• Marilyn Gardner Woods

Together again...

Updated: May 29, 2019

As I reached the top of the grade last evening, a seldom seen sight appeared in the sky before me. Slightly to my east, a pale almost full moon hung high in the twilight sky. To the west, the giant golden orb of a sun nestled comfortably into the expansive horizon. The moon and the sun in the same sky. My sky.



The long and winding mountain road from Escondido to Valley Center is both scenic and treacherous. As I drove, I tensed a bit, ever mindful of Carlos, our indefatigable farm worker. When he first came to us, he had a more-than-noticeable limp due to his shorter stiffened leg; he rocked as he moved. His left arm, also compromised; shorter than the right with diminished mobility. Carlos’ had been the passenger in a car that went off the side of the grade, this grade, into the pitch black canyon as his buddy finished his seventh beer of the night.


When I reached the top of the long snaking route, my ears plugged from the change in altitude of the climb and my body began to relax as I navigated the straight road ahead for my weekend return to the country.
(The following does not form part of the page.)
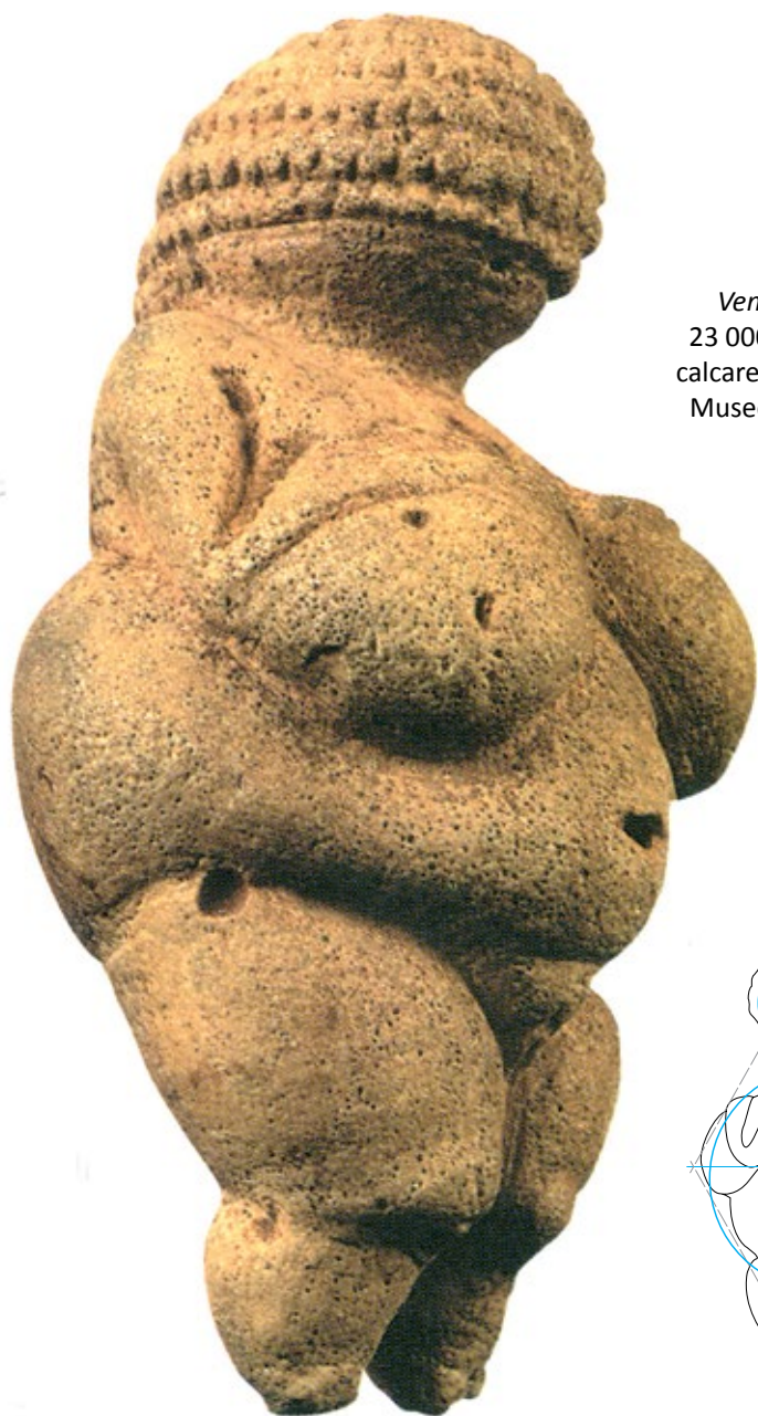
Venere di Willendorf, 23 000-19 000 a.C., pietra calcarea, alt. 11 cm, Vienna, Museo di Storia Naturale.

La presenza di tracce di colore rosso fa pensare ad un rituale magico-religioso.

It was at this point that both the moon and the sun presented themselves in the sky overhead. The blaze of the setting sun overshadowed the gentle oncoming moon so that the sky seemed lopsided. The sun, resplendent in its end of day glory; the moon coming over the grey-blue mountains seemed to hover in compassion.
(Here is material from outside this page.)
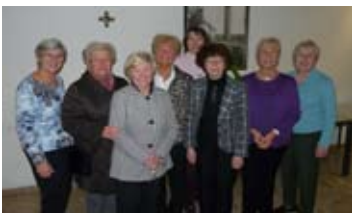
Das Organisationsteam der Frauengruppe St. Paul unterstützte den Mittagstisch mit einer Spende.

400 Euro hat die Frauengemeinschaft St. Paul für den Mittagstisch gespendet. Das Team konnte bereits im Spätherbst den Betrag überreichen und somit dem Projekt eine willkommene Finanzspritze geben. Die Frauengemeinschaft bietet zahlreiche Veranstaltungen für die Damen der Pfarrei und alle Interessierten an und ist mit 180 Mitgliedern die größte Gemeinschaft der Pfarrei St. Paul.

When I lived in the country, my house had windows facing direction – huge windows with unparalleled views. I basked in the sunshine and lingered in the glow of the moonshine. I began my book there. I wrote about the moon and the sun hanging in the sky together over our country paradise:

“Jack and I read with a passion, often reading passages aloud to one another. In One Hundred Years of Solitude, a book he gave me one Valentine’s Day long before we began our life at The OrangeWoods, Gabriel García Márquez describes the paradise of shared solitude. When we lingered alone together in the majesty of our surroundings, often with both the sun and moon sitting in the sky, we occasionally read passages to one another. Our favorite: 'They enjoyed the miracle of loving each other as much at the table as in bed, and they grew to be so happy that even when they were two worn-out people, they kept on blooming like little children and playing together like dogs.'”



I completed my manuscript after moving to 215 in the city. I can walk to the First Street Bridge for full view of the sky’s moon and sun. Or sometimes, if I hang out over my balcony railing at just the right time, I can see one or the other.


Bittersweet to understand that my country sun and moon are the same as those in my city sky. And to see them in the sky together is beautiful.